■ **TASK**:
The material below holds pictures; leave them out, and copy exactly, and only, the lines from the one with "Le sac en cuir" through the last.

----

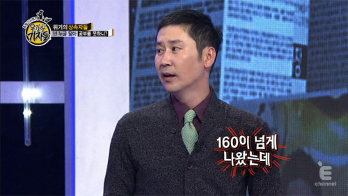 이날 토크를 진행하던 중 신동엽은 "나도 중학생 때 아이큐 160이 나왔었다"며 깜짝 고백했다. 그러나 뒤이어 "1년에 아이큐가 10씩 떨어지고 있다"고 밝혀 웃음을 자아냈다.
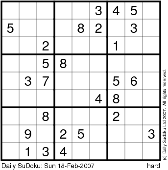 The Daily SuDoku: Sun 18-Feb-2007
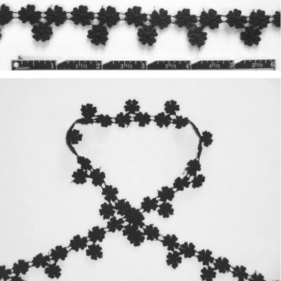From a new group of trims just in from a very famous designer, this black cotton flower trim features little flowers clusters in a narrow strip, a perfect finishing touch on a garment for special occasion or every day!. LAST PIECE, 1.5 yds.
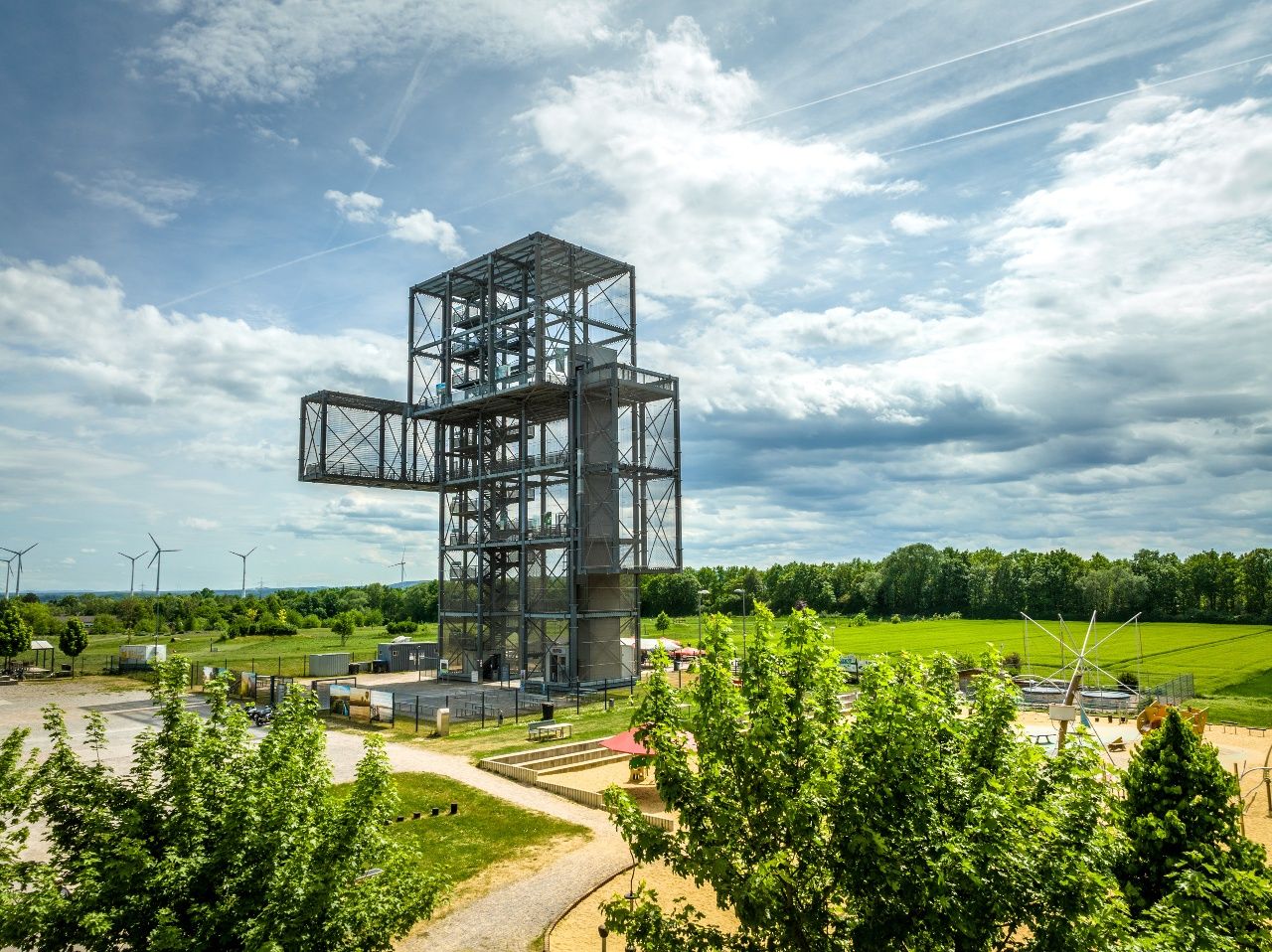 Als architektonisches Wahrzeichen des Indelandes ragt der Indemann auf der Goltsteinkuppe 36 Meter in die Höhe. Von seinen zahlreichen Aussichtsplattformen bietet sich ein weitreichender, spektakulärer Rundblick auf eine Landschaft, die sich in ständigem Wandel befindet. Zusammengesetzt aus 20.000 stählernen Einzelteilen wiegt das Stahlskelett des Indemannes stolze 280 Tonnen. Aus der Höhe der Stahlskulptur ist der Tagebau Inden in seinem ganzen Ausmaß zu erfassen. Bagger, Bandanlagen, aber auch die verschiedenen Erd- und Kohleschichten faszinieren den Betrachter. Am Fuß des Indemannes liegt ein großer Kinderspielplatz. Umgeben von zahlreichen Spielgeräten wartet auch ein Piratenschiff darauf, von kleinen Eroberern belagert zu werden.
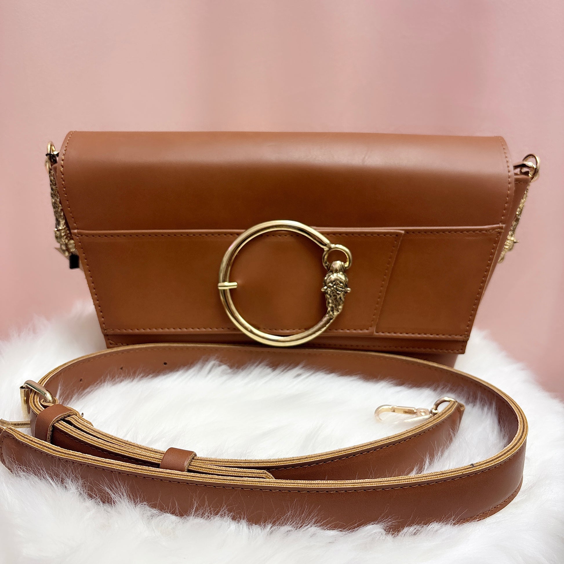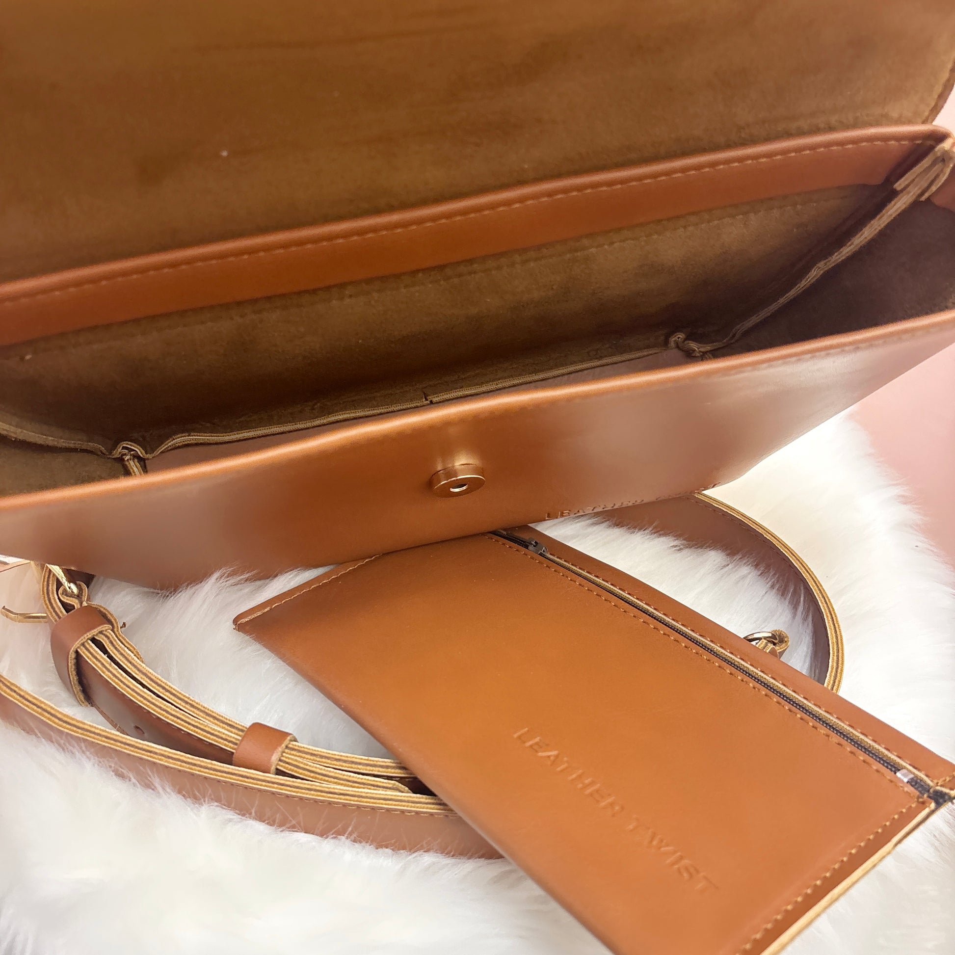 Le sac en cuir SYLVIE présente un rabat sophistiqué et une boucle magnétique. Il peut être porté avec une bandoulière courte ou longue en cuir. Ce luxueux sac est également accompagné d'un portefeuille en cuir assorti.
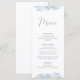 Elegante, cardápio boho apresenta folhas de eucalipto azuis empoeiradas. Personalize com o menu do seu evento com a modelo fácil de editar, apresentando uma fonte de script romântica e uma fonte de sans serif moderna. Verifique os itens correspondentes na coleção "Blue Eucalyptus".
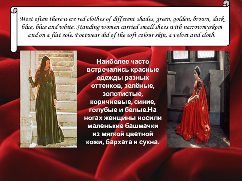 Наиболее часто встречались красные одежды разных оттенков, зелёные, золотистые, коричневые, синие, голубые и белые.На ногах женщины носили маленькие башмачки из мягкой цветной кожи, бархата и сукна.
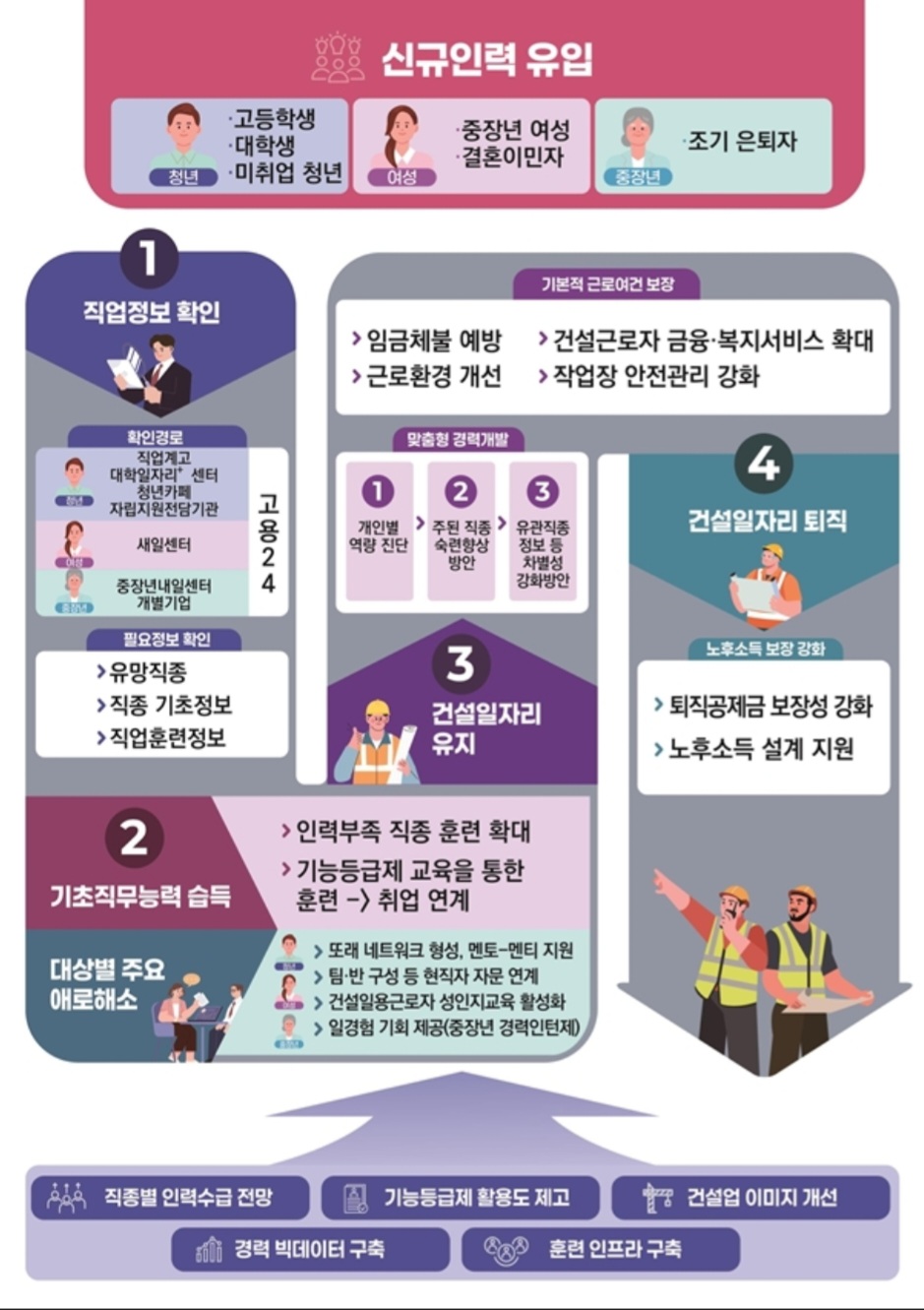 "건설 보조", "현장 안전감시", "건설 식당 보조" 등 키워드로 검색

----

■ **TASK SOLUTION**:
 Le sac en cuir SYLVIE présente un rabat sophistiqué et une boucle magnétique. Il peut être porté avec une bandoulière courte ou longue en cuir. Ce luxueux sac est également accompagné d'un portefeuille en cuir assorti.
 Elegante, cardápio boho apresenta folhas de eucalipto azuis empoeiradas. Personalize com o menu do seu evento com a modelo fácil de editar, apresentando uma fonte de script romântica e uma fonte de sans serif moderna. Verifique os itens correspondentes na coleção "Blue Eucalyptus".
 Наиболее часто встречались красные одежды разных оттенков, зелёные, золотистые, коричневые, синие, голубые и белые.На ногах женщины носили маленькие башмачки из мягкой цветной кожи, бархата и сукна.
 "건설 보조", "현장 안전감시", "건설 식당 보조" 등 키워드로 검색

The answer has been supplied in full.